EXERCISE: Return each line below exactly as it reads, and omit any image in it.

PROVIDED DATA:
'''

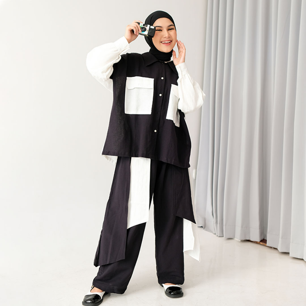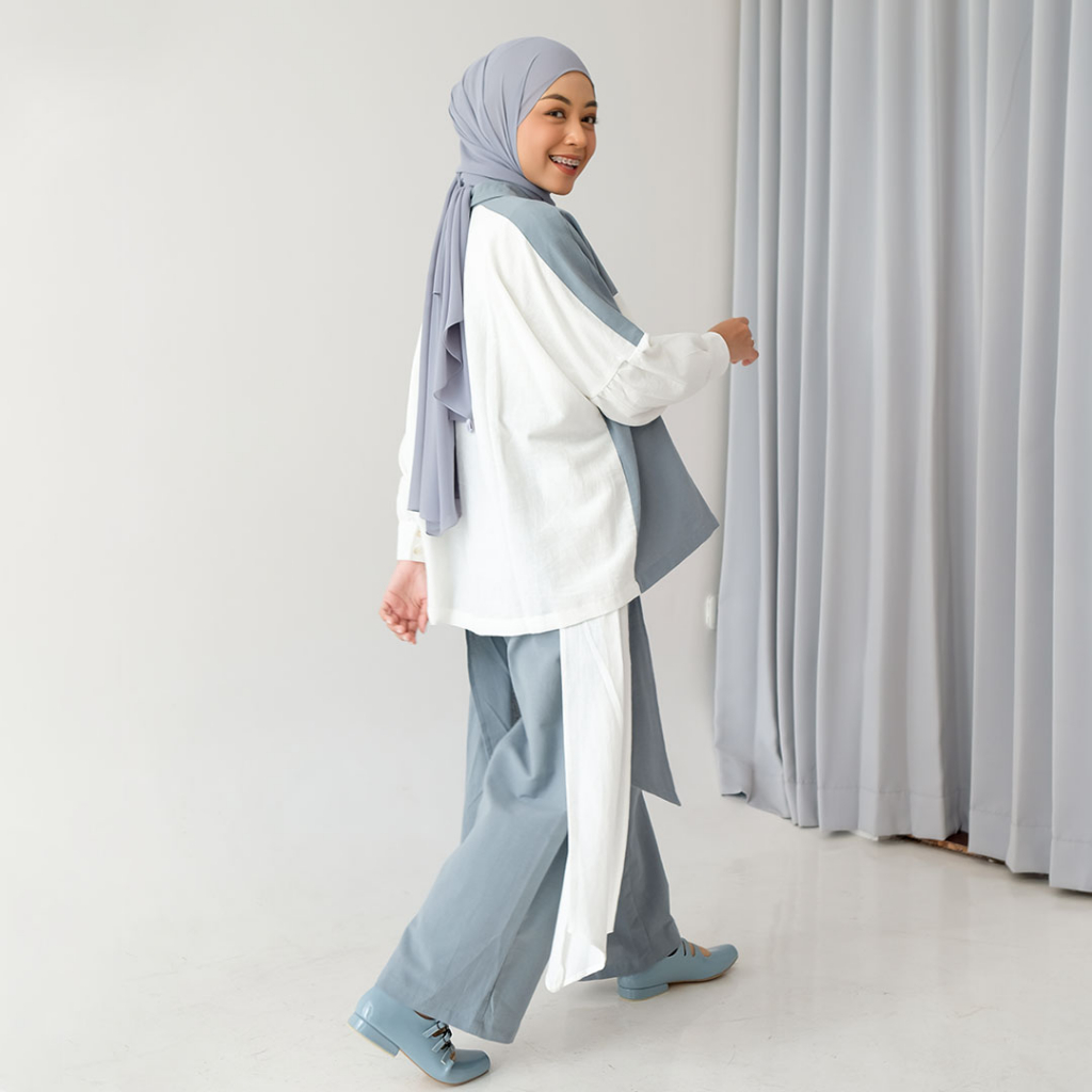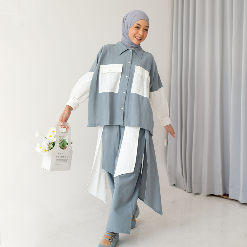 Setelan Kemeja Katun Linen Satu Set Lozy Hijab Hooja
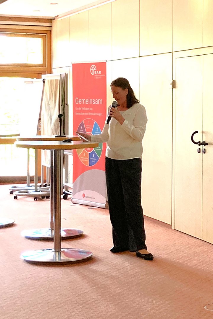 Bernd Giraud, Fachbereichsleiter Programme & Produkte, begrüßte die Teilnehmenden seitens des Veranstalters BAR und gab Einblicke in die Idee hinter der Netzwerkveranstaltung: die Stärkung der Zusammenarbeit von Reha-Praktiker:innen über trägerspezifische Gewohnheiten hinweg. Giraud hob bewusst das offene Konzept der Netzwerkveranstaltung hervor, das es erlaube, Teilhabe auch aus einem breitgefächerten Blickwinkel zu betrachten, über die Grenzen der eigenen Träger-Organisation hinaus und hin zu mehr Zusammenarbeit: "Wir freuen uns Ihnen heute einen Rahmen zu bieten, der vor allem Platz für das Kennenlernen und den Austausch bietet."
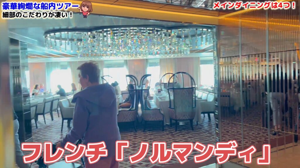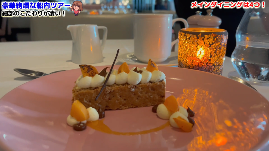 クラシックなフランス料理を堪能できる「ノルマンディ」。エレガントな雰囲気の中で、ダックコンフィや海老のビスクなど、伝統的なフレンチメニューが並びます。特に印象的だったのは、見た目も美しいデザート。食器まで美しく、贅沢なディナーを楽しめました。
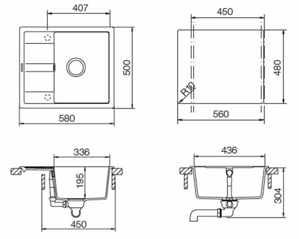 Размер выреза, мм 560x480 R10

'''

RESPONSE AREA:
 Setelan Kemeja Katun Linen Satu Set Lozy Hijab Hooja
 Bernd Giraud, Fachbereichsleiter Programme & Produkte, begrüßte die Teilnehmenden seitens des Veranstalters BAR und gab Einblicke in die Idee hinter der Netzwerkveranstaltung: die Stärkung der Zusammenarbeit von Reha-Praktiker:innen über trägerspezifische Gewohnheiten hinweg. Giraud hob bewusst das offene Konzept der Netzwerkveranstaltung hervor, das es erlaube, Teilhabe auch aus einem breitgefächerten Blickwinkel zu betrachten, über die Grenzen der eigenen Träger-Organisation hinaus und hin zu mehr Zusammenarbeit: "Wir freuen uns Ihnen heute einen Rahmen zu bieten, der vor allem Platz für das Kennenlernen und den Austausch bietet."
 クラシックなフランス料理を堪能できる「ノルマンディ」。エレガントな雰囲気の中で、ダックコンフィや海老のビスクなど、伝統的なフレンチメニューが並びます。特に印象的だったのは、見た目も美しいデザート。食器まで美しく、贅沢なディナーを楽しめました。
 Размер выреза, мм 560x480 R10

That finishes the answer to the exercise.